Genres: YA; historical

Recommended for: If you liked the show Xena, or have ever thought, “I wish I could read a story about gladiator girls,” this book is for you.

(I reviewed it here)

 

Goodreads | Amazon | Book Depository | Barnes & Noble

 


What it’s about:

Princess. Captive. Gladiator.

Fallon is the daughter of a proud Celtic king, the sister of the legendary warrior Sorcha, and the sworn enemy of Julius Caesar.

When Fallon was a child, Caesar’s armies invaded her homeland, and her beloved sister was killed in battle.

Now, on the eve of her seventeenth birthday, Fallon is eager to follow in her sister’s footsteps and earn her place in the fearsome Cantii war band. She never gets the chance.

Fallon is captured and sold to an elite training school for female gladiators—owned by none other than Julius Caesar. In a cruel twist of fate, the man who destroyed Fallon’s family might be her only hope of survival.

Now Fallon must overcome vicious rivalries and deadly fights—in and out of the arena. And perhaps the most dangerous threat of all: her forbidden yet irresistible feelings for Cai, a young Roman soldier.


I had an ARC and devoured this in a day, then went out and bought the hardcover when it was released. It was that good. I want to say I had been in a slump and this was what got me out of it, too, but I could be remembering that wrong.

Quick story time: when I was a kid and teenager, I freaking loved Xena. Like, along with Buffy, Charmed, and a couple of Disney shows probably no one else remembers, it was my favorite show that I had to watch when it was on, whether it was new episodes or reruns. I would have almost sold my soul to have a book that was even a little like that show.

While this book isn’t exactly like Xena (it actually doesn’t have a lot in common with the show, from what I can remember now), younger me would have been obsessed with this book, and probably cried frustrated tears because it ended. (In all honesty, grownup me became obsessed and almost cried tears of frustration.)

I’m now anxiously waiting for more info about the sequel, because I’ll be all over that, and might even pre-order it, which is a thing I almost never do.
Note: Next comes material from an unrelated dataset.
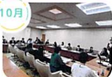
倉敷市 教育委員会との話し合い (保護者の要望を届けます)

So far it looks like it’s called The Defiant and has an expected February 2018 release date. (I’m screaming in my head because I. Can’t. WAIT.)

Girl fights that aren’t over a boy, strong friendships, strong characters (both because they’re realistic and well developed, and they can kick some ass), a bit of history and mythology, very little romance (it’s there, but not super important to the story), and a fast plot made this one of my favorite books read in the first half of the year. I definitely recommend it.


If you’ve read The Valiant, what did you think of it?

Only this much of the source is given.